Story by: Nathan Fairbairn with Jason Kapalka
Illustrated by: Matt Smith

The year is 1220AD, during one of the countless crusades of the late Middle Ages. And something, some craft falls from the sky bringing what local villagers describe and call as demons! The set up for this new series from Image had me very much intrigued as I am a fan of medieval times and science fiction. After the initial few attacks that are so quick, they last only a few panels, we don’t see much of these supposed “demons” until the closing pages which really ramps things up leaving the reader wanting to grab the next issue right away.lf12

The story from Fairbairn and Kapalka is written in a way where we are given a few handful of important characters and through their personalities and demeanor see just how different a newly knighted warrior can be from a grizzled wine soaked knight. I really enjoyed the exchanges and dialogue between the knights and crusaders as they are sent to investigate the spread of heresy with the dreaded inquisitors who see heresy in everything, but this is just a fool’s errand where the ulterior motives of the lord haven’t been fully revealed yet. This part of the book felt like one of the collected stories from the Canterbury Tales, a story meant to show the differences about crusaders and the inquisition during the time period. That is until these demons are discovered, where upon death, survival and courage become the motivations for these knights.

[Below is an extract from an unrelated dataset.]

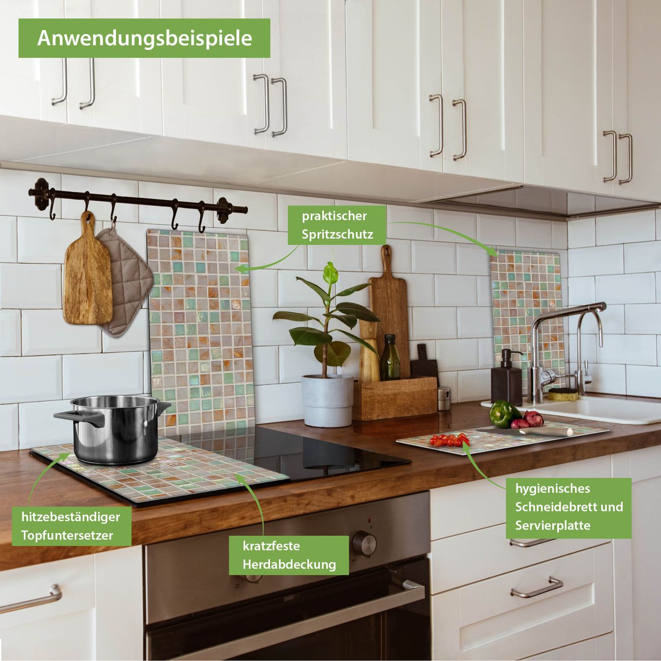 VIELSEITIG: Die Ceranfeldabdeckung ist vielseitig einsetzbar: ob als Spritzschutz hinter dem Herd für Ihre Küche oder als Glas Schneidebrett als hygienische und geruchsneutrale Unterlage. Sie können ebenfalls heiße Töpfe und Pfannen bis 100°C auf der Herdplattenabdeckung abstellen. Sie erhalten ein Multitalent für Ihre Küche. Die banjado Herdabdeckplatte aus Glas mit Motiv Grüne Fliesen verdeckt mit einem schönen Motiv Ihr Ceranfeld bzw. Ihren Induktionsherd. Die Herdabdeckplatte ist vielseitig einsetzbar und passt sich dabei Ihrem Einrichtungsstil an. DESIGN: Die Herdabdeckung Grüne Fliesen besteht aus hochwertigem, gehärtetem Glas mit einem unserer zahlreichen Motive. Sie haben die Wahl zwischen verschiedenen Maßen von einteiligen, zweiteiligen und einer dreiteiligen Herdabdeckung. Wählen Sie was zu Ihrer Einrichtung passt! DETAILS: Die Herdabdeckplatte ist vielseitig einsetzbar. Die Ecken sind für mehr Sicherheit dezent abgerundet, das Glas ist gehärtet. Sie erhalten separate Gummi Abstandshalter, damit Ihre Abdeckung rutschfest auf dem Herd steht. Diese können Sie frei positionieren, sodass die Herdabdeckung perfekt auf Ihrem Ceranfeld sitzt. BANJADO: Wir sind ein kleines Team aus dem Herzen von Sachsen und fertigen jeden Artikel nach Bestellung eigens für Sie an. Sie erhalten also keine preiswerte Importware, sondern Handarbeit. Auf Wunsch sind auch andere Farben und Größen möglich, kontakierten Sie uns gern.

I was very impressed with the illustrations of this first book in the series. When I think of the middle ages, I picture long dirt trails that end at muddy encampments at the base of castles under siege. lf1That is exactly what Matt Smith has provided for us. The dialogue does a great job of describing and putting a class to each character we are introduced to, but the illustrations make it immediately clear who is a well-dressed and fed noble and who is a lowly field peasant.

The period setting of this book had me interested because I know medieval tales always have a high level of drama and action associated with it due to the sense of honor of squires and knights or the lack thereof of old crusade veterans who see the world for what it truly is. But throw in a crash landing with these chitinous armored “demons” and the story takes a hard left from what I would expect from a story about red cross bearing crusaders. One issue in and I am already putting in a subscription to make sure I get my hands on the next issue.